East African Nations Develop a Standby Defense Force
East Africa has seen rising levels of insecurity in Sudan, Kenya and Somalia, but new regional organizations could be the answer to peacekeeping projects in Africa, according to the U.N.
Defense chiefs from ten East African nations have pledged to develop a new regional Eastern Africa Standby Force (EASF), amidst rising conflicts in neighboring countries.
Officials made the pledge at a meeting in Kigali, Rwanda on Friday, where Defense ministers from ten East African nations signed a Memorandum of Understanding.
The largest contributors to the standby force are Burundi, Kenya, Rwanda, Uganda, and Ethiopia, who have committed nearly the entire 5, 000 troops that will constitute the EASF. Between them, they have pledged three motorized battalions, a mechanized battalion and a light infantry battallion.
Comoros, Djibouti, Seychelles and Somalia also contributed personnel and equipment, while Sudan said it would make their commitments known later in the year.

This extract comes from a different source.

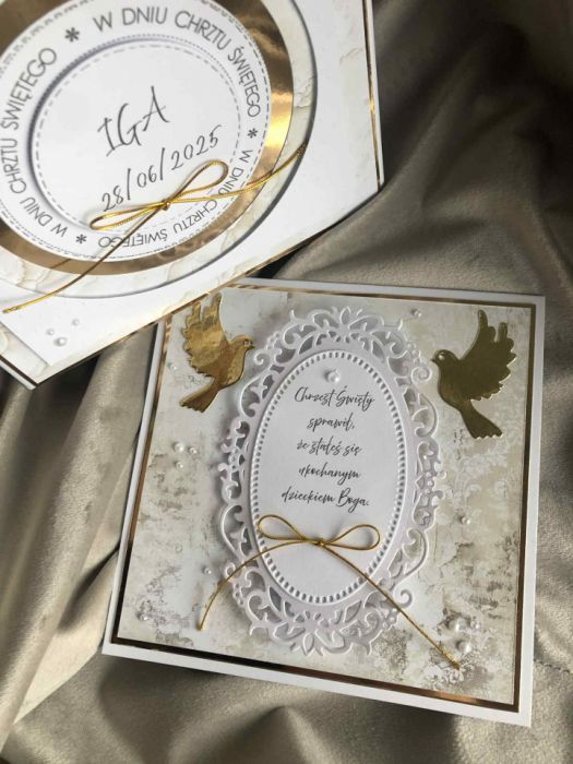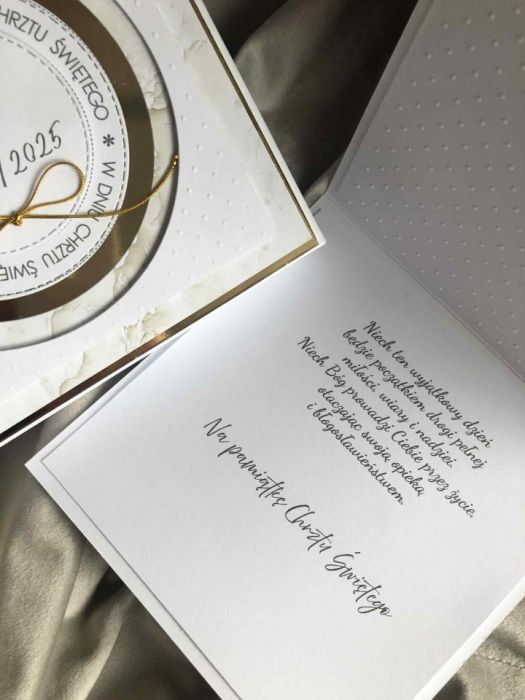 Delikatna i elegancka forma przekazania życzeń oraz prezentu z okazji Chrztu Świętego – idealna zarówno dla chłopca, jak i dziewczynki. Całość utrzymana w stonowanej, klasycznej kolorystyce, z dbałością o każdy detal.
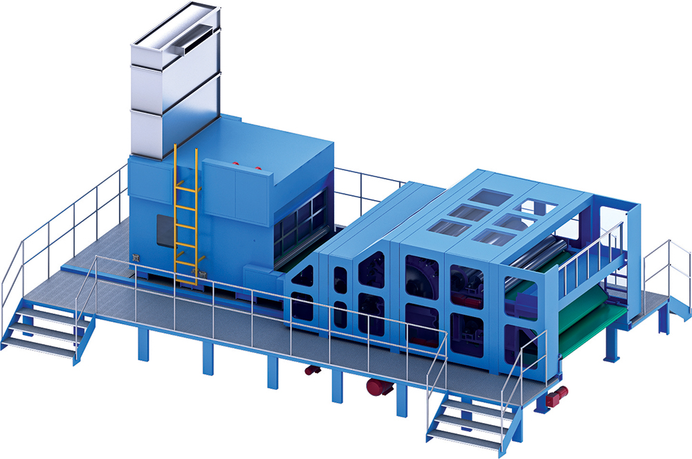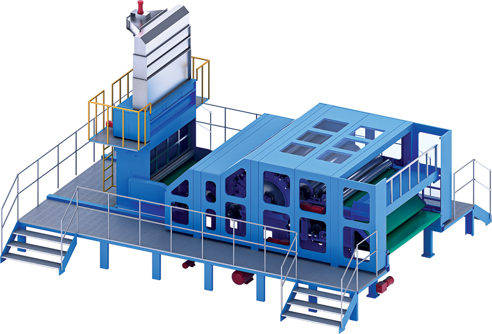 - Doffer와 condenser를 통해 평형 또는 랜덤 상태의 Web을 형성하여 다음 공정으로 공급한다.

The African Union has been working on a plan for the last 10 years for each of the African regions to develop their own defense and peacekeeping forces in case of emergencies.
“This amounts to a very important step, it is an unprecedented achievement in the African continent,” said Rwanda’s Defense and Military spokesperson Brig. Gen. Joseph Nzabamwita.
“We now have the most important components (of the force in place). We have the political will, the military personnel and logistics as well as the legal framework,” he added.
The next step for the EASF plan is to accumulate the funds to get their 5,000 strong force ready to mobilize. Each member is expected to contribute to a collective fund which will enable them to put troops on the ground, and deploy to crisis zones within 14 days.
Defense Ministers from the ten African Nations said they want the standby force to be ready by December of this year, due to the prevalent level of insecurity.
The region has seen several cases of conflict in the past year, including war in South Sudan, violence in Kenya’s coastal region, and increased security issues in Somalia.
Regional organizations in Africa are starting to play a more central role in peacekeeping on the continent, according to U.S. ambassador to the United Nations Samantha Power, which is viewed as a positive force.